**EXERCISE DESCRIPTION**
Repeat the listing that follows exactly. Pictures are not part of the copy.

**DATA**
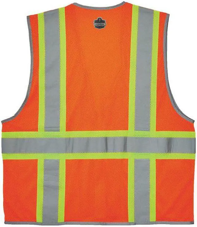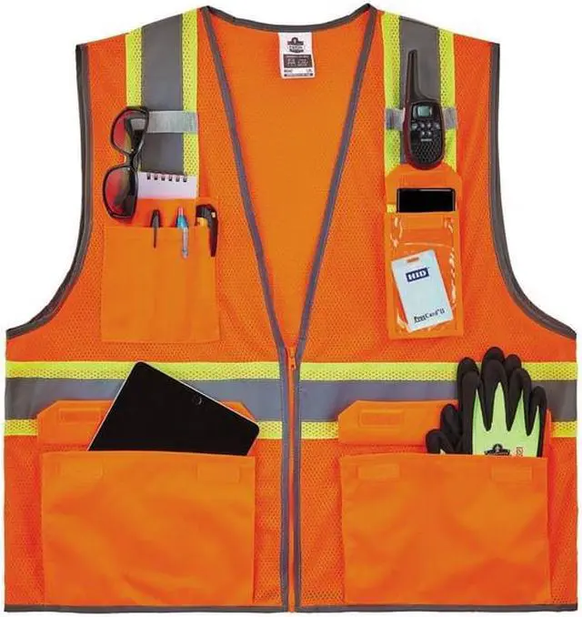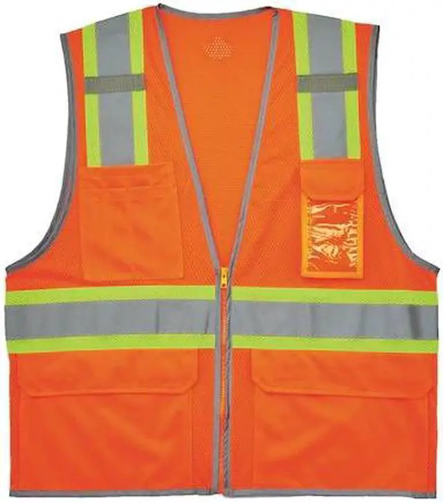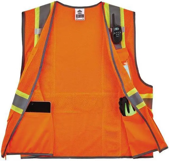 The GloWear® 8246Z-S Mesh Two-Tone Hi-Vis Safety Vest is an ANSI 107 Type R, Class 2 vest made of 3.3oz polyester mesh. This hi-vis vest features 2 reflective tape set on a 3.5 contrasting mesh background and reflective piping for enhanced low-light visibility. Built for storage, this vest has two inside and four outside pockets, a clear ID badge holder and dual radio mic tabs. A zipper closure makes for easy on and off.
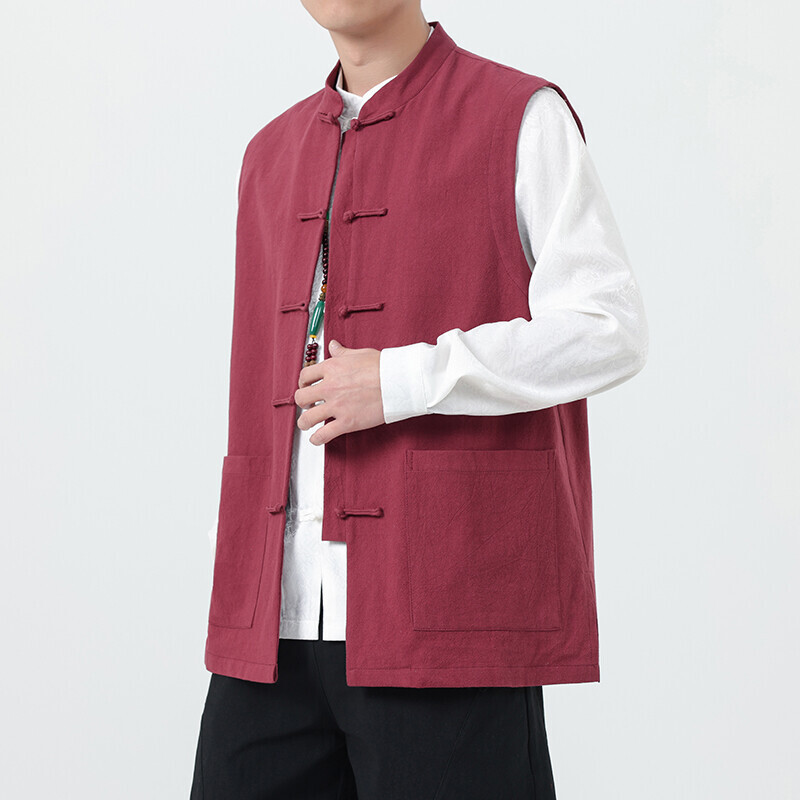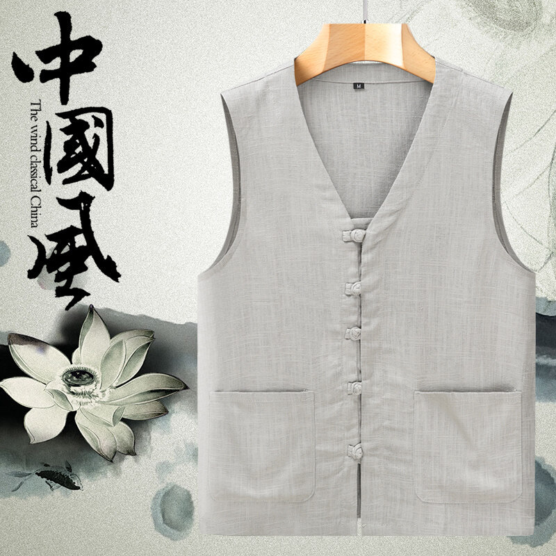 中国風レトロ綿麻馬甲男新中国式盤バックルカン肩亜麻茶禅服青年春夏唐装漢服
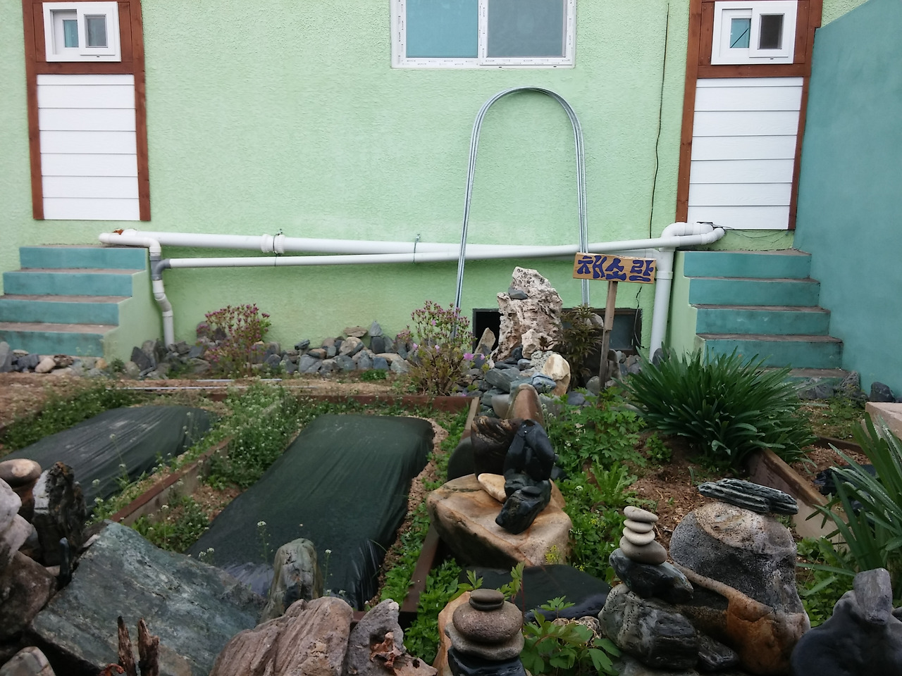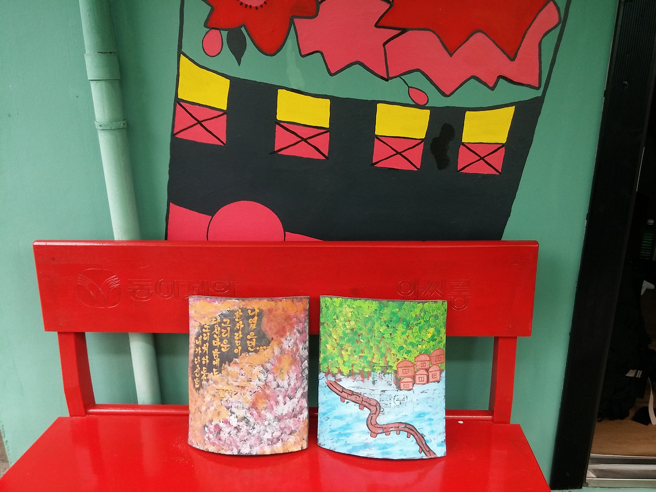 오늘 숙박할 청풍면에는 축제가 한창이다. 피로에 지친 묵직한 몸을 끌며 낮에 먹지 못한 보상심리로 식당을 두리번거리다가 피곤이 밀려와 먼저 숙소를 찾아다녔다. 주택을 개조한 작고 앙증맞은 민박집이 눈에 띄어 들어갔다. 대문을 들어서자 하얀 칠을 한 몽돌이 줄지어 박혀 있다. 진입로인 셈이다. 목제 의자는 빨간색 옷을 입었고, 시와 그림이 어우러진 기왓장이 의자에 앉아 있다. 온통 울긋불긋 원색의 향연이다. 이 집에서는 일상의 도구가 예술품이었다.

**YOUR RESPONSE**
 The GloWear® 8246Z-S Mesh Two-Tone Hi-Vis Safety Vest is an ANSI 107 Type R, Class 2 vest made of 3.3oz polyester mesh. This hi-vis vest features 2 reflective tape set on a 3.5 contrasting mesh background and reflective piping for enhanced low-light visibility. Built for storage, this vest has two inside and four outside pockets, a clear ID badge holder and dual radio mic tabs. A zipper closure makes for easy on and off.
 中国風レトロ綿麻馬甲男新中国式盤バックルカン肩亜麻茶禅服青年春夏唐装漢服
 오늘 숙박할 청풍면에는 축제가 한창이다. 피로에 지친 묵직한 몸을 끌며 낮에 먹지 못한 보상심리로 식당을 두리번거리다가 피곤이 밀려와 먼저 숙소를 찾아다녔다. 주택을 개조한 작고 앙증맞은 민박집이 눈에 띄어 들어갔다. 대문을 들어서자 하얀 칠을 한 몽돌이 줄지어 박혀 있다. 진입로인 셈이다. 목제 의자는 빨간색 옷을 입었고, 시와 그림이 어우러진 기왓장이 의자에 앉아 있다. 온통 울긋불긋 원색의 향연이다. 이 집에서는 일상의 도구가 예술품이었다.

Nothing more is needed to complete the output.